Would you please copy every line from the records that contains the word "Museum"?

── Supplied records ──

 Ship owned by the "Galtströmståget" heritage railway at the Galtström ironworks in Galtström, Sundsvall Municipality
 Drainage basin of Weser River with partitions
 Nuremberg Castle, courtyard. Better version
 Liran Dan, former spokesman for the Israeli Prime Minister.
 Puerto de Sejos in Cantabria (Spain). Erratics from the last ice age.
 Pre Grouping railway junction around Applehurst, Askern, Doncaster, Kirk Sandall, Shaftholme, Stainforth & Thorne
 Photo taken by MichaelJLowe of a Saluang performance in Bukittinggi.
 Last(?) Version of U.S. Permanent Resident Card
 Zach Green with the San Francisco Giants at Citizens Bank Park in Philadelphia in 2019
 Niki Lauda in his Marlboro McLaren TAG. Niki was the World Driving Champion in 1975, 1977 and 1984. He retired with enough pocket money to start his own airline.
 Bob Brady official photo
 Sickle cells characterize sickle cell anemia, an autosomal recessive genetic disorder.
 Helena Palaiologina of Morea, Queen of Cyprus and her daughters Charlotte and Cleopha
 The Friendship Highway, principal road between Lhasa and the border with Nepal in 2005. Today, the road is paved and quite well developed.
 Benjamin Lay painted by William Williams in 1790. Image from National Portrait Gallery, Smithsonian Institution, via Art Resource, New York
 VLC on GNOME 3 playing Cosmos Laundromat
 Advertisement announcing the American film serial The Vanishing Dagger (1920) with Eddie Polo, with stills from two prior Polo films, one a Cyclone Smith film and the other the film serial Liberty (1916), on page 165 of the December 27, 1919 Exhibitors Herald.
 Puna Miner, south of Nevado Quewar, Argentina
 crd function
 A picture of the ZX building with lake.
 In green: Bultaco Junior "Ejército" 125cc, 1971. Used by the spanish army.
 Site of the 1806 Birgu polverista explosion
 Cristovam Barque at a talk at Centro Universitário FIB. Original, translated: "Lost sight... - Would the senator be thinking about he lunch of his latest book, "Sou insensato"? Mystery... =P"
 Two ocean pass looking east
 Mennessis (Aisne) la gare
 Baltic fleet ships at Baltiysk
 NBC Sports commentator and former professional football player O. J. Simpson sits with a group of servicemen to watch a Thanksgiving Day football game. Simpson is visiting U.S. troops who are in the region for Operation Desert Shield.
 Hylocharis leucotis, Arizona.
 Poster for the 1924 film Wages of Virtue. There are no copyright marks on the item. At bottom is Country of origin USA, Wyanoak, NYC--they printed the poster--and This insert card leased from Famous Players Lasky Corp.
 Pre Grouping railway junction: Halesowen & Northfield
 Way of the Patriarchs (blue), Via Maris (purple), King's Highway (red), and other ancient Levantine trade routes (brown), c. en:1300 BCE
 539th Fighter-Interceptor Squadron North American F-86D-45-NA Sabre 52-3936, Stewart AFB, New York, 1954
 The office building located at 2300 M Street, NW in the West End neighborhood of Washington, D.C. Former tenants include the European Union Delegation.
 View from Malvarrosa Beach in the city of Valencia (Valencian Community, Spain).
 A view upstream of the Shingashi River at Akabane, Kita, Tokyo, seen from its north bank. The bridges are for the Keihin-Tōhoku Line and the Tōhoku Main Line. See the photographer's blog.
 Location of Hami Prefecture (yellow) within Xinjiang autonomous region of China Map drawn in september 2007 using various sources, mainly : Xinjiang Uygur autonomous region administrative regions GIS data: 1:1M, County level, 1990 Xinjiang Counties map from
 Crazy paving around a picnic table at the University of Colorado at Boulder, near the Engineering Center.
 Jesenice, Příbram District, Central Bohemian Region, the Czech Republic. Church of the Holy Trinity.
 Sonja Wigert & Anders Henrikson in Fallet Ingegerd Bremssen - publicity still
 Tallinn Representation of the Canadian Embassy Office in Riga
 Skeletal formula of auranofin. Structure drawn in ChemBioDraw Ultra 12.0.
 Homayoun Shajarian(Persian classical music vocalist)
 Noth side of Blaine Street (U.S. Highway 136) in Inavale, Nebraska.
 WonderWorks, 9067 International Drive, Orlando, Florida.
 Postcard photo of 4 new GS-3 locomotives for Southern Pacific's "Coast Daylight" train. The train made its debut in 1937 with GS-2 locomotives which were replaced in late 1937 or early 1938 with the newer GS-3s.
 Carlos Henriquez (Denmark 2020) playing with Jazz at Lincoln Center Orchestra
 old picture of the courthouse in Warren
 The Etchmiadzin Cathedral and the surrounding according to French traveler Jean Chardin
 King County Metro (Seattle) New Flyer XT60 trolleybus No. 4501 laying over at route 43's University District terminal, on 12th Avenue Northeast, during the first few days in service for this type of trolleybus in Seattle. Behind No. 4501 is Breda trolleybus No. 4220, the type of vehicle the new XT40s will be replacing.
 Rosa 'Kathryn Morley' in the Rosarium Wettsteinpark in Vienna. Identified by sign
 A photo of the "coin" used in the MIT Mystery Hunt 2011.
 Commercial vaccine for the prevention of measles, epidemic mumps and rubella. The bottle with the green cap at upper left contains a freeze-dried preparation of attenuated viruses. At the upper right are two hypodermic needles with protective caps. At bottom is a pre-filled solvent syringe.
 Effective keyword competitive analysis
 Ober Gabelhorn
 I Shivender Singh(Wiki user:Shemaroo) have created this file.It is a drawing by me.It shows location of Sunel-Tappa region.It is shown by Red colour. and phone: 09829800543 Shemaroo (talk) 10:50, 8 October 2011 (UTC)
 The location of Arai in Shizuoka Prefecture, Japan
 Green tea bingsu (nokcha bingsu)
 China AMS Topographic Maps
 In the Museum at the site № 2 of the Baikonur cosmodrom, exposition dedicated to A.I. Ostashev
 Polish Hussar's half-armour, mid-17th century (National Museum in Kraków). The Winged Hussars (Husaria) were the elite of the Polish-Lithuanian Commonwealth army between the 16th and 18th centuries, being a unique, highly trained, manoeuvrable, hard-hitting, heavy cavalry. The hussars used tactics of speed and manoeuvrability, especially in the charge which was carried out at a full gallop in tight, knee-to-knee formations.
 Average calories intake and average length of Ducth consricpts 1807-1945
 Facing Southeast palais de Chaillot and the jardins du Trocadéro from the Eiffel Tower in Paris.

───

[Output below]
 In the Museum at the site № 2 of the Baikonur cosmodrom, exposition dedicated to A.I. Ostashev
 Polish Hussar's half-armour, mid-17th century (National Museum in Kraków). The Winged Hussars (Husaria) were the elite of the Polish-Lithuanian Commonwealth army between the 16th and 18th centuries, being a unique, highly trained, manoeuvrable, hard-hitting, heavy cavalry. The hussars used tactics of speed and manoeuvrability, especially in the charge which was carried out at a full gallop in tight, knee-to-knee formations.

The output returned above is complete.